→ **TASK DETAILS**: Exactly and only the lines below from the one containing "сапоги отличные, очень" down to the one containing "You will also" are wanted, both included; please exclude every picture.

[Collected data]
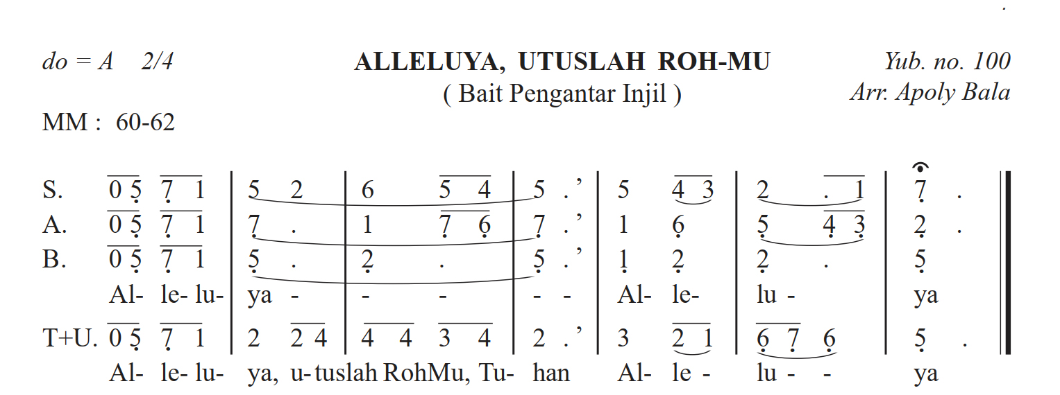 Alleluya, Utuslah Rohmu - Arr. Apoly Balla (Yub. No.100) Alleluya, Utuslah Rohmu - Arr. Apoly Balla (Yub. No.100) 1 file(s) 83 KB Download Navigasi pos Allah Mahakuasa – Arr. Apoly Bala (Yub. No.335)Hormat Sembah Syukur – Arr.Apoly Bala (Yub.No.571)
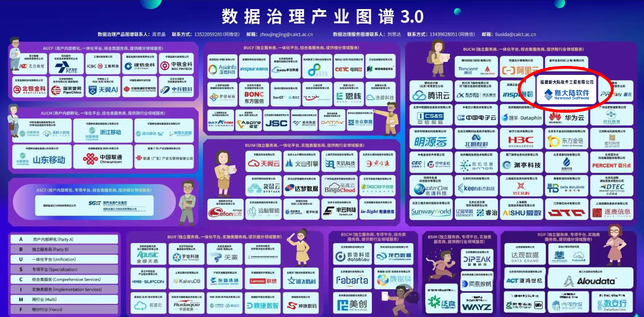會上,大數據技術標準推進委員會正式發布了《數據治理產業圖譜3.0》,旨在通過梳理數據治理相關產品及服務的市場現狀,洞察數據產業發展現狀及未來發展趨勢,為各方在數據治理領域的布局規劃和未來發展提供參考。新大陸軟件入選《數據治理產業圖譜3.0》BUCM板塊(獨立服務商、一體化平臺、綜合類服務商、提供跨行業領域服務)。從1.0到2.0,再到3.0,新大陸軟件連續三屆入選《數據治理產業圖譜》,這不僅是對新大陸軟件在數據治理領域持續深耕的充分肯定,更是對其在推動數據治理產業發展方面所做貢獻的高度評價。
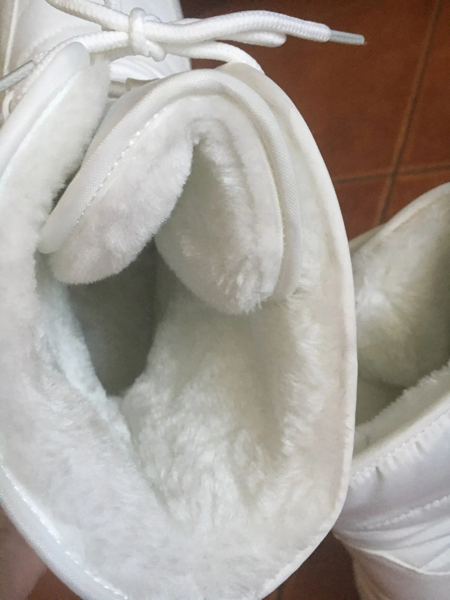 сапоги отличные, очень теплые, судя по всему, внутри полностью мех взяла себе белые(они кипельно белые) подружке чёрные..мой российский 38, на али всегда беру для 24,5см, себе взяла 7,5- очень хорошо, слегка свободноваты, как здесь пишут есть место для носка)))), но я так люблю мне удобно, при этом с ноги не падают, мягкие, подошва гнется отлично, ходить удобно..пойдут на широкую ногу...подружке взяла 7ку на её российский 37, ей отлично, но мне впритык..так что имейте в виду, разница между половинками китайских размеров огромна..7,5-велик, 7-уже тесноват..
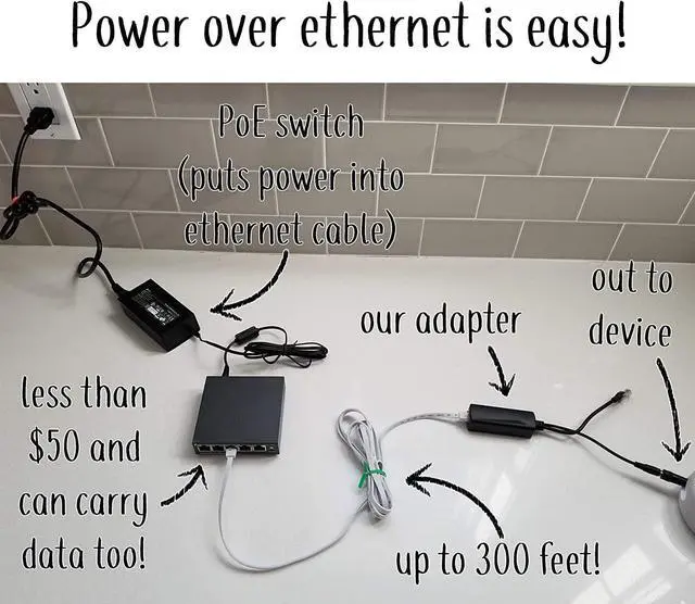 You will also need an Ethernet Switch with PoE Ports to inject the low-volt power into your ethernet cable where internet comes into the structure. These are around $50 and can be purchased on this site. We like the TP-Link TL-SG1005P.
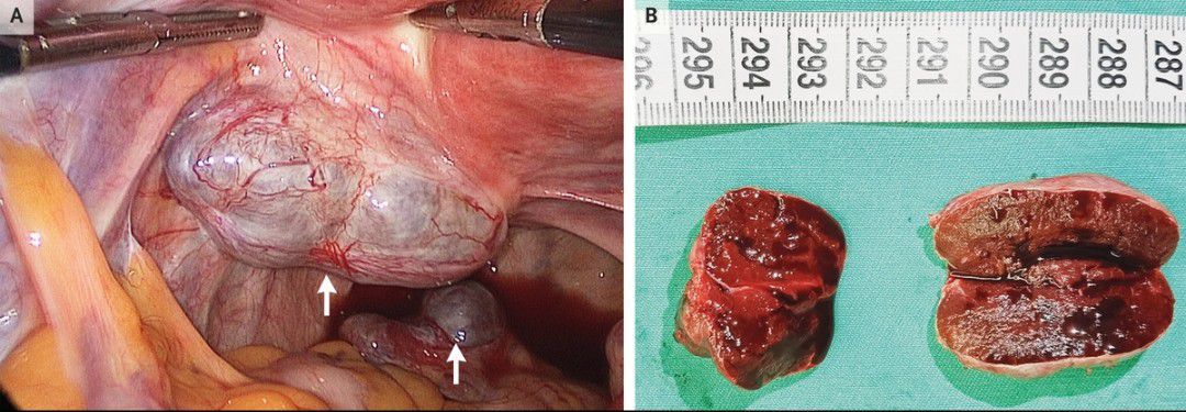 A 34-year-old woman presented to the hospital with a 2-year history of intermittent pelvic pain. Her surgical history included a cesarean section performed 10 years earlier and a partial splenectomy performed 29 years earlier after an automobile accident. The pelvic examination was notable for a soft parauterine mass that was mildly tender on palpation. Magnetic resonance imaging of the pelvis showed solid nodules with high T2-weighted signal intensity and restricted diffusion. An exploratory laparoscopy was performed and showed a hypervascular lesion (measuring 5 cm by 3 cm by 2.5 cm) on the left mesometrium and a second lesion (measuring 2.5 cm by 2 cm by 1.5 cm) on the mesorectum (Panel A, arrows), as well as a normal-appearing residual spleen in the left upper quadrant of the abdomen. Both masses were resected and appeared to be solid, encapsulated, and congested with blood (Panel B). Examination of a frozen section revealed splenic tissue. Splenosis is an uncommon condition in which splenic tissue autotransplants, typically after trauma or splenectomy. Pelvic splenosis can mimic gynecologic neoplasms. The patient’s pelvic pain resolved after the surgery.
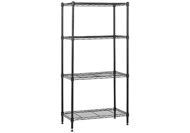 Con estructura de acero negro resistente, la estantería Amazon Basics de 4 baldas ajustables permite organizar objetos en espacios reducidos. Los estantes de rejilla se regulan cada 2,5 cm sin herramientas y soportan hasta 90 kg cada uno. Las patas niveladoras aportan estabilidad, asegurando almacenamiento seguro y práctico en cocinas, oficinas o garajes.
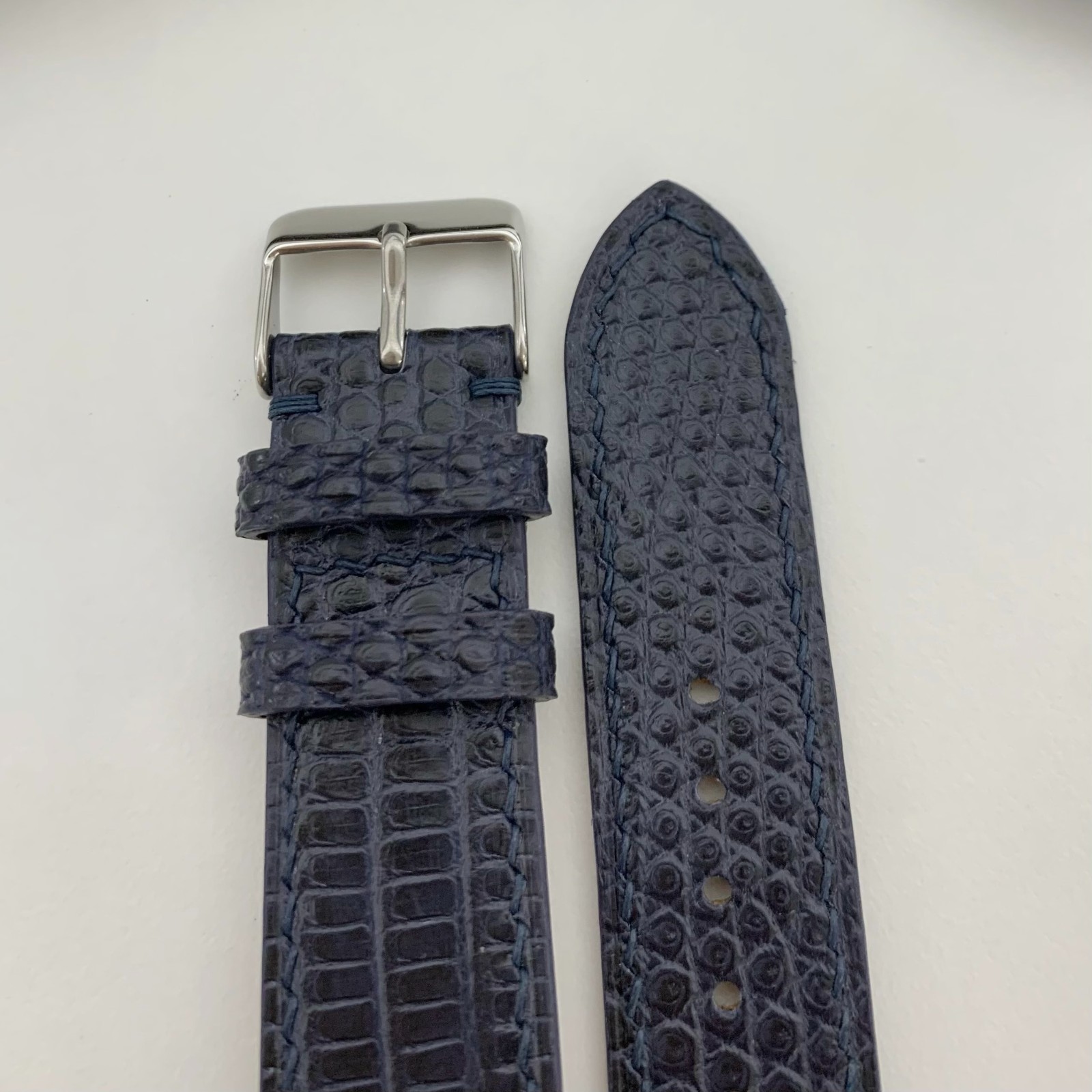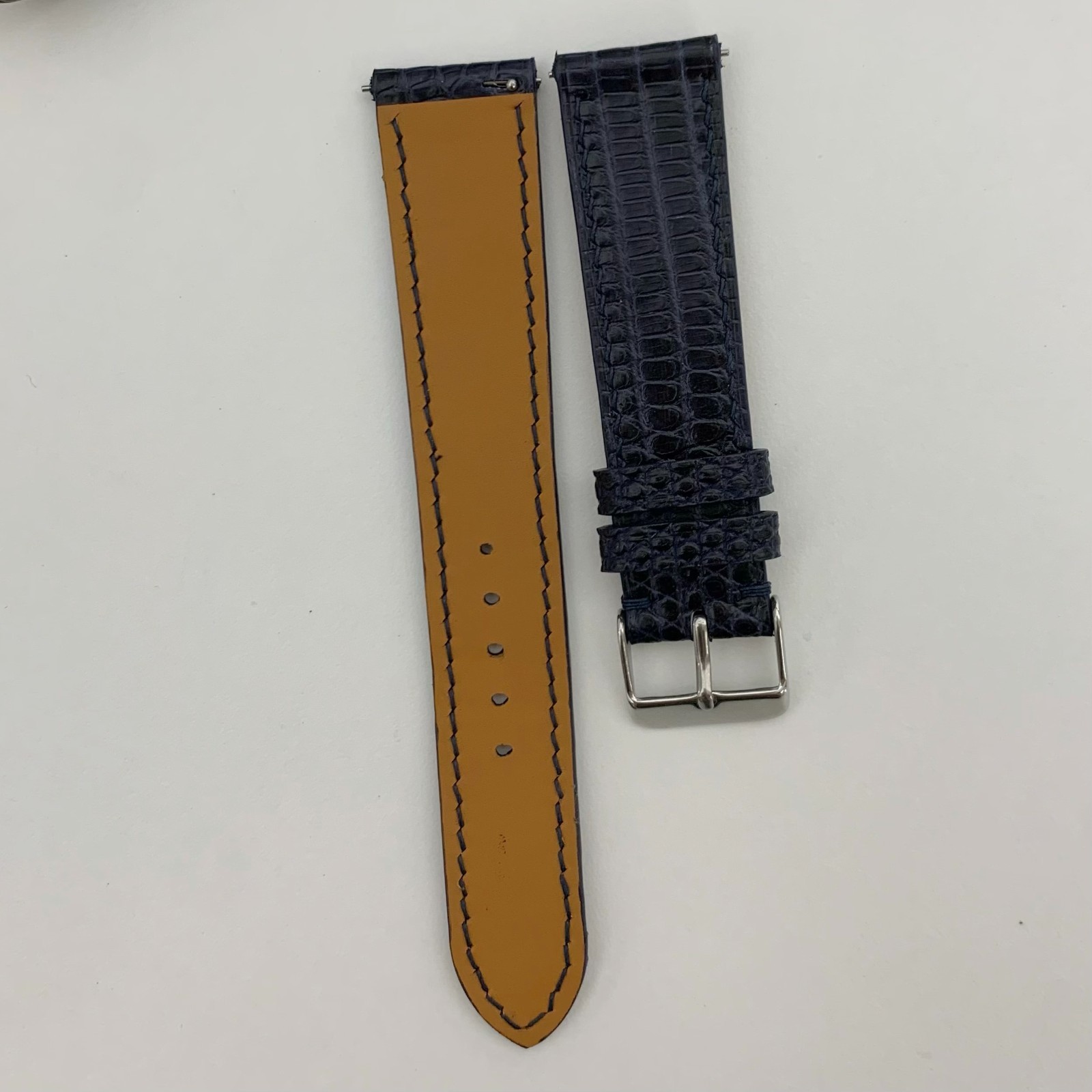 - Color: Navy Blue - Exterior material: Genuine Lizard leather - Interior material: Genuine cowhide - Band Size : Lug width 20mm / Buckle width 18mm - Length: long band 125mm - short band 75mm - Thickness: 2mm - 2mm - The strap comes with : 1 Watch strap + 1 Silver Buckle + 2 Quick Releases We have always been tried to provide the best service and reliable products for every customer. However, accidents may happen sometimes. Could you please contact us to solve any issues before leaving feedback. If having any question, please feel free to contact us by ebay message center.
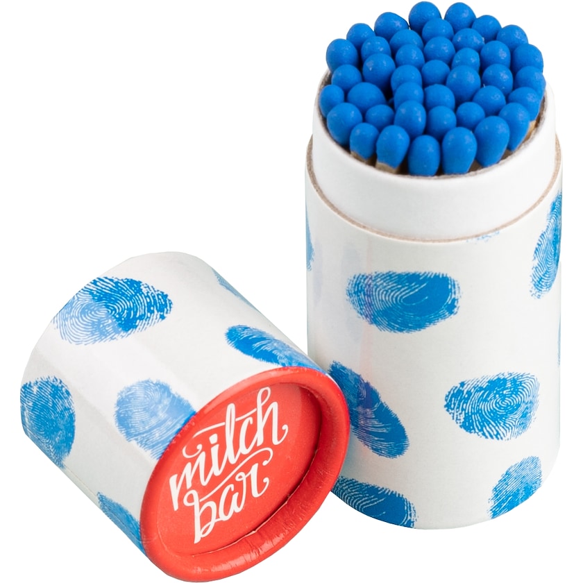 Une boîte d'allumettes très originale, en forme de cylindre. L'extérieur est entièrement personnalisable. L'impression en quatre couleurs maximum est effectuée suivant l'échelle Pantone, puis en CMYK. Vous pouvez choisir librement parmi 16 couleurs d'embouts différentes et 2 couleurs de bois différentes.
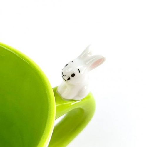 持ち手にうさぎがちょこんとついたマグカップ。内側はマグカップに描かれた草原と同じグリーンカラーです。ジョージはかくれんぼをしているのかな?うさぎが絵本から飛び出したみたいで、とっても賑やか!
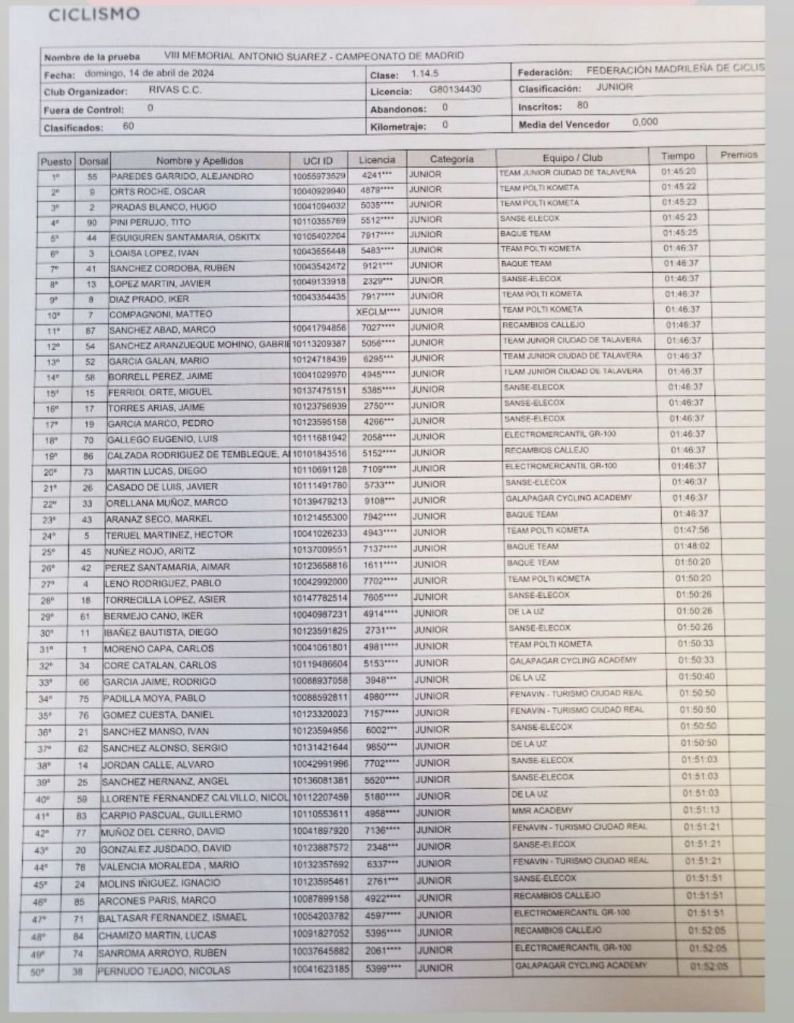 Óscar Orts (Team Polti Kometa) ha finalizado segundo en el VII Memorial Antonio Suárez disputado en Corpa para corredores Júnior. El alicantino se ha impuesto en el premio de la montaña y su equipo ha sido la mejor escuadra. Alejandro Paredes (Ciudad de Talavera) y Hugo Pradas (Team Polti Kometa) ha completado el podio. Padas se ha adjudicado el campeonato de Madrid.
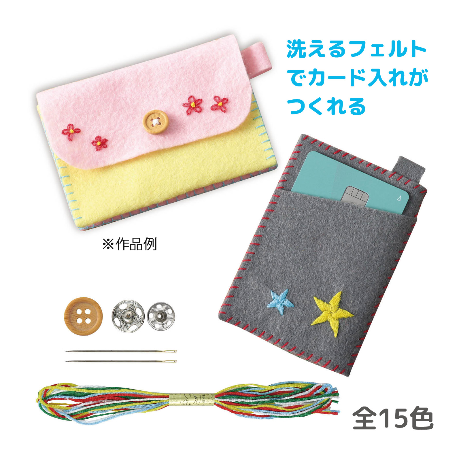 洗えるフェルトで長く使える!手作りカードケースキット!洗えるフェルトでつくる、カード入れの手芸キットです。ジャバラポケット2つとスライドポケット1つ、合計3つのポケット付きで収納力も抜群。便利で実用的なカード入れが完成します。フェルトを分けて2色の作品を作ったり、刺しゅうや色選びで自分だけのオリジナルデザインに仕上げたりできるのも魅力。針と糸がセットになっているので、裁縫初心者さんでも安心して始められます。制作時間の目安は約3〜5時間。刺しゅうステッチの練習にもぴったりで、気軽にハンドメイドを楽しめます。完成後は名刺入れやICカードケースとして、毎日の生活で長く活躍してくれます。

→ **ANSWER SECTION**:
 сапоги отличные, очень теплые, судя по всему, внутри полностью мех взяла себе белые(они кипельно белые) подружке чёрные..мой российский 38, на али всегда беру для 24,5см, себе взяла 7,5- очень хорошо, слегка свободноваты, как здесь пишут есть место для носка)))), но я так люблю мне удобно, при этом с ноги не падают, мягкие, подошва гнется отлично, ходить удобно..пойдут на широкую ногу...подружке взяла 7ку на её российский 37, ей отлично, но мне впритык..так что имейте в виду, разница между половинками китайских размеров огромна..7,5-велик, 7-уже тесноват..
 You will also need an Ethernet Switch with PoE Ports to inject the low-volt power into your ethernet cable where internet comes into the structure. These are around $50 and can be purchased on this site. We like the TP-Link TL-SG1005P.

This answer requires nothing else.